In IRT and NRM, parameters (ability and difficulty) are evaluated in the latent space [1, 8]. Because of this characteristic, IRT is known as the latent trait theory. Logistic regression is frequently used to analyze the results of medical diagnoses [16]. In logistic regression, the effect of covariates on the latent space is statistically evaluated. Therefore, IRT, NRM, and logistic regression share similar functionalities in the evaluation of the parameters.

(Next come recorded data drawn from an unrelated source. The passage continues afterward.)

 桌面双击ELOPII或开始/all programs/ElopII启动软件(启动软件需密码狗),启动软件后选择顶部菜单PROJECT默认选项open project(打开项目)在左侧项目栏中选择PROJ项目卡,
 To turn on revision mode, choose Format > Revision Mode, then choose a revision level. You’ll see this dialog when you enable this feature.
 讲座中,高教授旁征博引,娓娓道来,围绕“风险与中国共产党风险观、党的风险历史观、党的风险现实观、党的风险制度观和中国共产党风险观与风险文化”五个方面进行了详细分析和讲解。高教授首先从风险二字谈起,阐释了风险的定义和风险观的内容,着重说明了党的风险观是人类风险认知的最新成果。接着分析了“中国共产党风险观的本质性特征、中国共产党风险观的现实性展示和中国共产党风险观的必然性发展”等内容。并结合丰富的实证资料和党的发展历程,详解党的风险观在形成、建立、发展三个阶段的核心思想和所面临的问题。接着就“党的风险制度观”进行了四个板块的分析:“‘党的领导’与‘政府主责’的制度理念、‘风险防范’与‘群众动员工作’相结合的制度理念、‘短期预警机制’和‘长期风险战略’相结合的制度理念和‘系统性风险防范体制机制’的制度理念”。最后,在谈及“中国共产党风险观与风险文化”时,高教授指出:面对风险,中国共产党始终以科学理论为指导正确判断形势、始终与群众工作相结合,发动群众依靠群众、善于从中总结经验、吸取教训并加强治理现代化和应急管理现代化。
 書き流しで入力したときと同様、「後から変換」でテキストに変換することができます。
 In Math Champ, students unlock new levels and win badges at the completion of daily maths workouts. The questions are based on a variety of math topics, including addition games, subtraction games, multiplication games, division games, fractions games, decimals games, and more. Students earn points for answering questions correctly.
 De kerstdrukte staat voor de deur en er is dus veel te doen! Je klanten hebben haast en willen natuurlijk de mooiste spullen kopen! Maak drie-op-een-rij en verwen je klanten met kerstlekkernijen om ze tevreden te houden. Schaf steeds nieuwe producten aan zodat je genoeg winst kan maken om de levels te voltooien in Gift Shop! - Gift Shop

In receiver operating characteristic (ROC) analysis, it is common to assign a multilevel score for each case to statistically analyze the results of binary classifications [17, 18]. For example, a radiologist’s ability to differentiate between benign and malignant tumors is frequently analyzed by assigning a score to each case on a 5-point scale [19]. However, there is no commonly used method of ROC analysis for multiclass classification results. Instead, for the analysis of multiclass classifications, it is relatively frequent to perform multiple ROC analyses of binary classifications in a one-vs-rest fashion [20]. On the other hand, MD-NRM can analyze the results of multiclass classifications by a single analysis, which is a major difference between MD-NRM and ROC analysis. In addition, MD-NRM does not require the multilevel scoring (please see the data of 150 cases in the Supplementary material), which is another major difference from ROC analysis.

As in a previous study [8], it is possible to introduce covariates into MD-NRM. This extension makes it possible to quantitatively evaluate the effect of covariates using MD-NRM; for example, the improvement in diagnostic performance with various experiences of doctors or with different diagnostic modalities/examinations.

This study had several limitations. First, the data from 150 patients were used. It has not been evaluated whether stable convergence will be obtained in MD-NRM with smaller data. Second, although an extension of the MD-NRM (MD-NRM with covariates) is proposed in this paper, no actual experiments have been conducted. We expect that the extension of MD-NRM will be investigated in the future based on our open-source code. Third, because MD-NRM has more latent parameters than 1PL-NRM, it will be difficult to obtain stable convergence in MD-NRM, compared with 1PL-NRM.

In conclusion, the MD-NRM was proposed as a statistical analysis method for multiclass classification. The MD-NRM achieved successful convergence of parameter estimation in the Bayesian NRM. In addition, using the MD-NRM, a more detailed evaluation of the doctor's ability was possible using multidimensional ability parameters.